The hottest trend now is gold leasing, where owners "rent out" their idle gold to jewellers and refiners and collect interest like a monthly paycheck.
Industry experts say the game has completely changed.
“People are no longer just buying gold and waiting for it to hit $5,000,” Keith Weiner of Monetary Metals told CNBC, as investors rush to turn their gold into a money-making machine.
Even in India, demand has exploded. Lease rates that used to hover around 2–3% have suddenly shot up to 6–7%, powered by the festive season, wedding rush, and a shortage of gold supply.
Digital gold platforms have made things even easier, turning everyday customers into gold lenders.
The numbers tell the real story; one leasing firm saw its gold transactions jump from a modest 2 million to a staggering 40 million this year. HNIs are lining up to join the party.
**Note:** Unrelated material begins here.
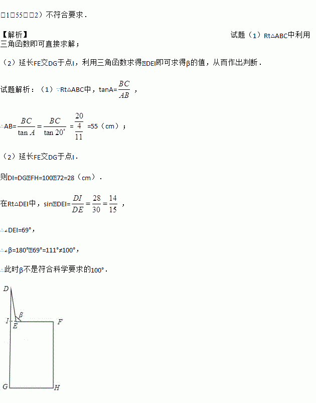(2)若肩膀到水平地面的距离DG=100cm,上臂DE=30cm,下臂EF水平放置在键盘上,其到地面的距离FH=72cm.请判断此时β是否符合科学要求的100°?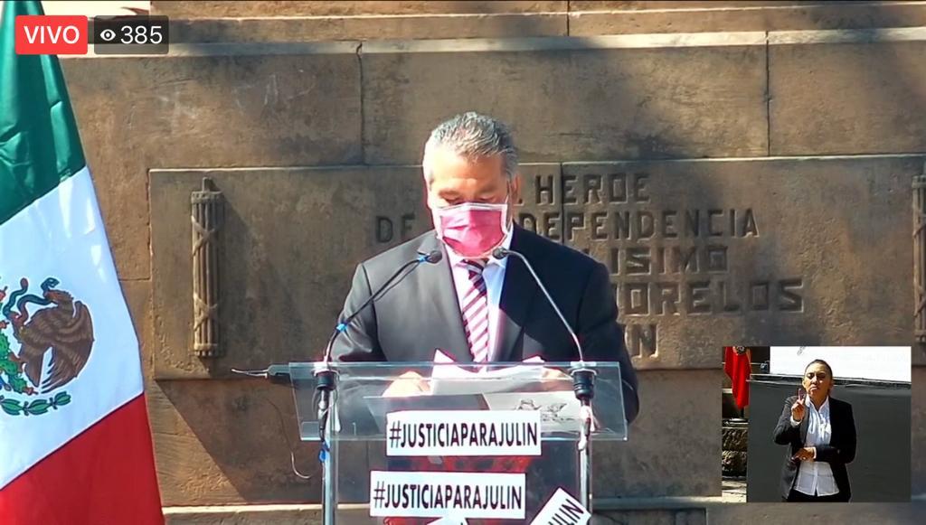 Los deudos de Julín, como era conocido Julio César Chagolla, irrumpieron minutos antes en la plaza “José María Morelos y Pavón” –El Caballito-, con pancartas y exigiendo justicia, ante funcionarios federales, estatales, municipales, empresarios e invitados del edil emanado de Morena.

“We’re getting calls from people saying they have ₹1–2 crore worth of gold bars and want to lease them,” said SafeGold founder Gaurav Mathur, calling it a massive shift in investor behaviour.
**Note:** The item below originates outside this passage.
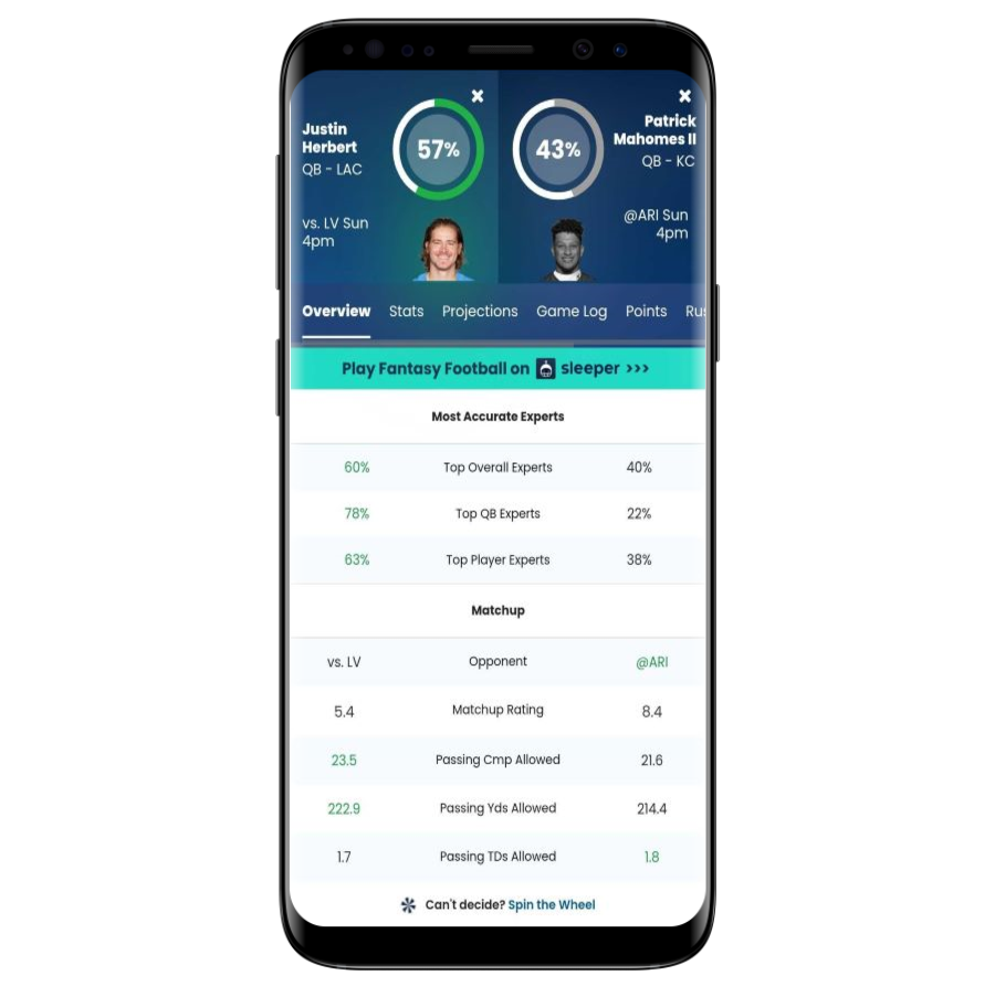 Who Should I Start? has been updated to be more clear and intuitive to aid you in making your start/sit decisions. See detailed breakdowns on how the experts have voted, and access detailed analysis to help you decide who to start.

The mechanism is simple but powerful. Investors hand over their gold to a leasing platform, which then supplies it to jewellers or manufacturers who need metal to make jewellery and products.
Instead of taking risky loans or worrying about fluctuating gold prices, these businesses simply borrow gold, sell their finished goods, and return the same amount of gold later; plus extra grams as interest.
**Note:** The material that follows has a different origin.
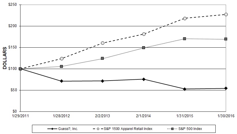 Performance Share Award Agreement dated as of May 1, 2015 between the Registrant and Paul Marciano (incorporated by reference from the Registrant’s Quarterly Report on Form 10-Q for the quarter ended May 2, 2015).

Investors enjoy 2–7% returns paid directly in gold, and at the end of the term, they get back more gold than they originally handed over.
But this glittering trend comes with shadows. The biggest fear is default; if a jeweller goes bankrupt, the investor’s gold could vanish.
Rising gold prices during the lease period could also mean the lender misses out on big profits from selling. Liquidity is another headache, as leased gold cannot be recalled instantly.
And operational risks; like loss, theft or mishandling; always lurk in the background.
Some platforms claim to protect investors through strict due diligence and bank guarantees, but trust remains a major factor.
There’s also a reality check for small investors. Gold leasing is not designed for people with a few grams lying at home.
Most programs demand large minimum quantities, often hundreds of grams, making it a playground largely reserved for institutional players and the ultra-wealthy.
For everyone else, experts say options like Sovereign Gold Bonds, digital gold, or ETFs make far more sense.
Still, one thing is clear: gold is no longer just something you buy for security. In 2025, it has become a weapon for passive income; a shining asset that can earn like a fixed deposit.
And with billionaires like Eric Sprott and Seth Klarman rooting for gold as a shield against global instability, the leasing frenzy is only set to grow.